Repeat the data that follows in full. Do not include the pictures.

◆ ◆ ◆

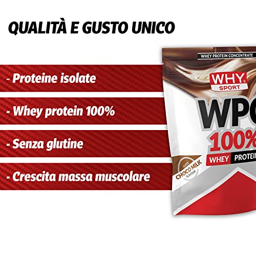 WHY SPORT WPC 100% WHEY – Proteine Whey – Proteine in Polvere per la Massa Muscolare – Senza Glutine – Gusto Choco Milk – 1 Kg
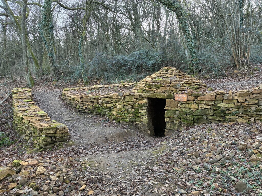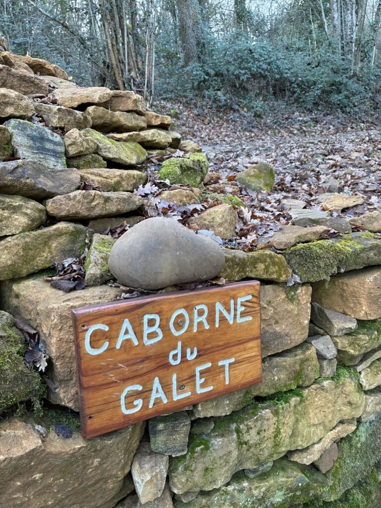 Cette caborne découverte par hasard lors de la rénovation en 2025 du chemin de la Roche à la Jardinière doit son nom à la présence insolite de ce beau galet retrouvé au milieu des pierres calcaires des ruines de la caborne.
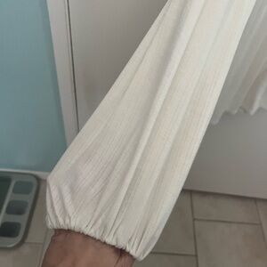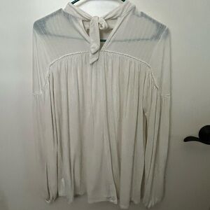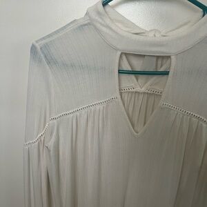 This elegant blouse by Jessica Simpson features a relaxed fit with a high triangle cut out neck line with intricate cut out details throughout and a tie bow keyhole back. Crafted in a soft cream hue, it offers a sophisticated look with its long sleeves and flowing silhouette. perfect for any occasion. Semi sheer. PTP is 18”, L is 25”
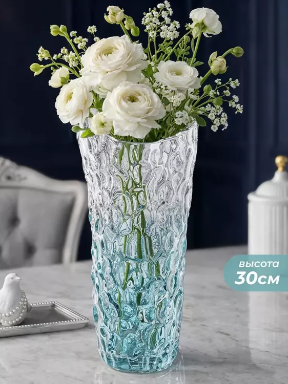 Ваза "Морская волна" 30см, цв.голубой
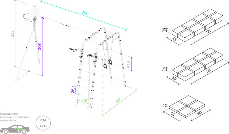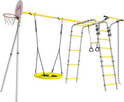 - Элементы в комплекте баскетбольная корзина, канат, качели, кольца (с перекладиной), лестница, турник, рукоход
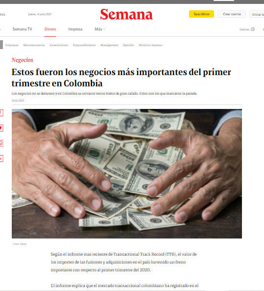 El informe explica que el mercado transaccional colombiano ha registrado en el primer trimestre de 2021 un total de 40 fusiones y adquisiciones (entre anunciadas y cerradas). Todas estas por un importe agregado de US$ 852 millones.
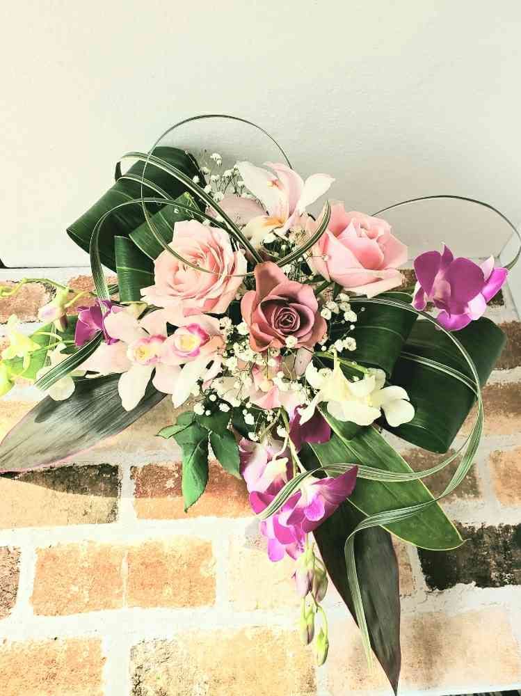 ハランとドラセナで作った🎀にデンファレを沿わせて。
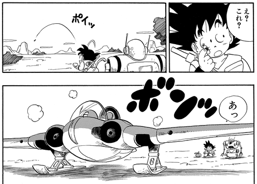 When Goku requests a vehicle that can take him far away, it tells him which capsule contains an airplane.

◆ ◆ ◆

## RESULT OF THIS TASK
 WHY SPORT WPC 100% WHEY – Proteine Whey – Proteine in Polvere per la Massa Muscolare – Senza Glutine – Gusto Choco Milk – 1 Kg
 Cette caborne découverte par hasard lors de la rénovation en 2025 du chemin de la Roche à la Jardinière doit son nom à la présence insolite de ce beau galet retrouvé au milieu des pierres calcaires des ruines de la caborne.
 This elegant blouse by Jessica Simpson features a relaxed fit with a high triangle cut out neck line with intricate cut out details throughout and a tie bow keyhole back. Crafted in a soft cream hue, it offers a sophisticated look with its long sleeves and flowing silhouette. perfect for any occasion. Semi sheer. PTP is 18”, L is 25”
 Ваза "Морская волна" 30см, цв.голубой
 - Элементы в комплекте баскетбольная корзина, канат, качели, кольца (с перекладиной), лестница, турник, рукоход
 El informe explica que el mercado transaccional colombiano ha registrado en el primer trimestre de 2021 un total de 40 fusiones y adquisiciones (entre anunciadas y cerradas). Todas estas por un importe agregado de US$ 852 millones.
 ハランとドラセナで作った🎀にデンファレを沿わせて。
 When Goku requests a vehicle that can take him far away, it tells him which capsule contains an airplane.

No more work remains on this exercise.